La nouvelle est très intéressante et met face aux biais racialistes et classistes de la lectrice ou du lecteur. Toni Morrison réussit à maintenir notre esprit brouillé dans ce jeu de piste infini qui a pour mérite de nous interroger sur ce qui est constitutif ou non des identités raciales.
En quelques pages, l'autrice parvient à stimuler nos réactions, nos souvenirs et la cohérence de nos positions face aux souffrances infligées aux Autres dont le personnage de Maggie incarne cette altérité méprisée.
Les analyses faites dans la postface de Zadie Smith sont à cet égard assez intéressantes à lire, notamment sur ce qu'elles révèlent des rapports collectifs à l'Histoire.
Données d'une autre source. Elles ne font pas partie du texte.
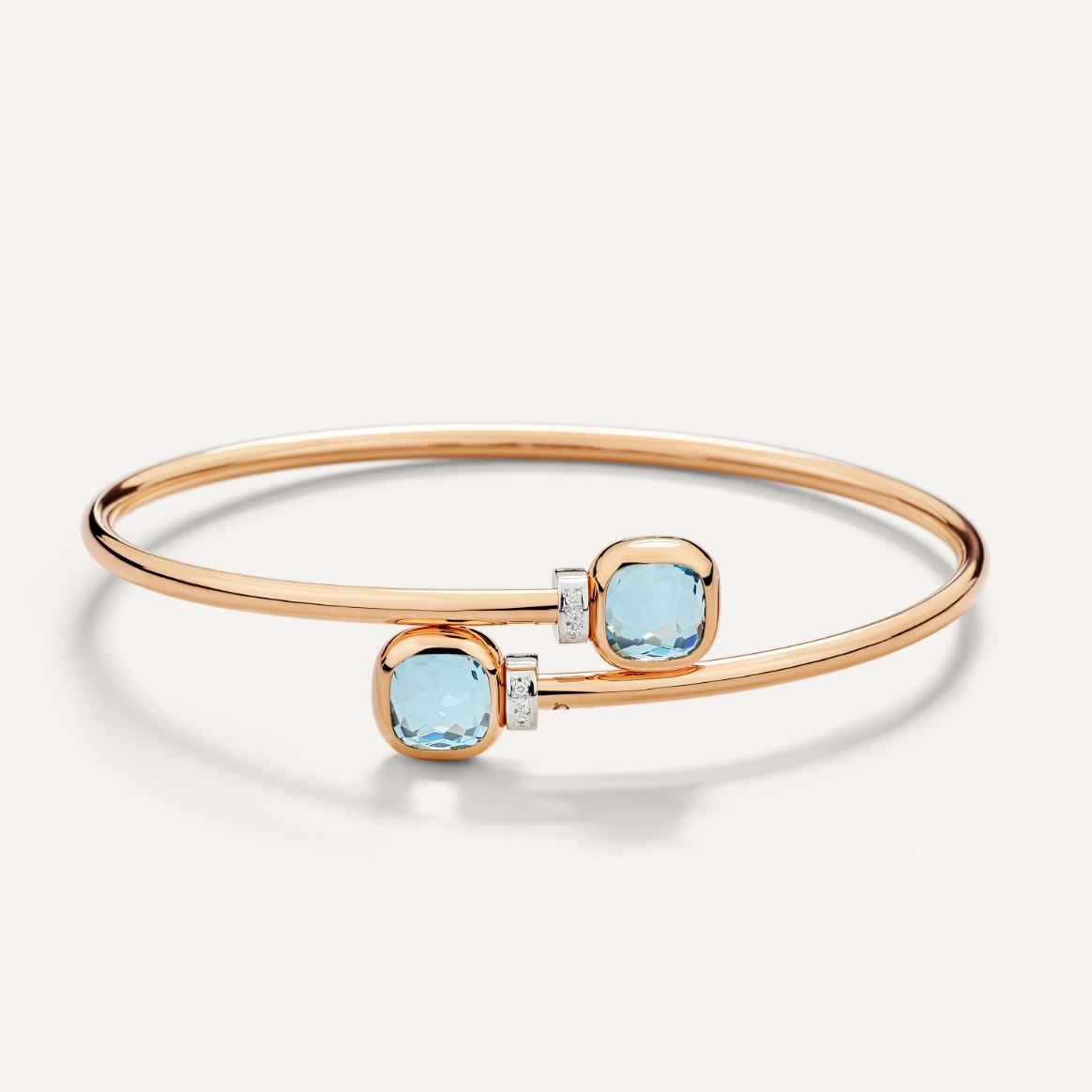 Bracciale in oro rosa e bianco 18kt con topazi azzurri e diamanti bianchi.

Et des rapports entre dominé.e.s et dominant.e.s. On appréciera d'ailleurs d'avoir les éléments d'analyse en aval du récit plutôt que dans une habituelle préface qui gâche trop souvent le plaisir de la découverte.
Malheureusement, cet postface possède de grosses lacunes, notamment dans la conception très universaliste de la race, et en raison des manques sociologiques du propos. Le terme "pédale" utilisé par Morrison n'est pas réinterrogé. Pire, un passage de la postface fait un lien entre le fascisme et le féminisme qui est tout à fait choquant, déplacée et irrationnel.
On retiendra toutefois les 10 points progressifs amenant au fascisme théorisés par Toni Morrison et qui sont assez pertinents.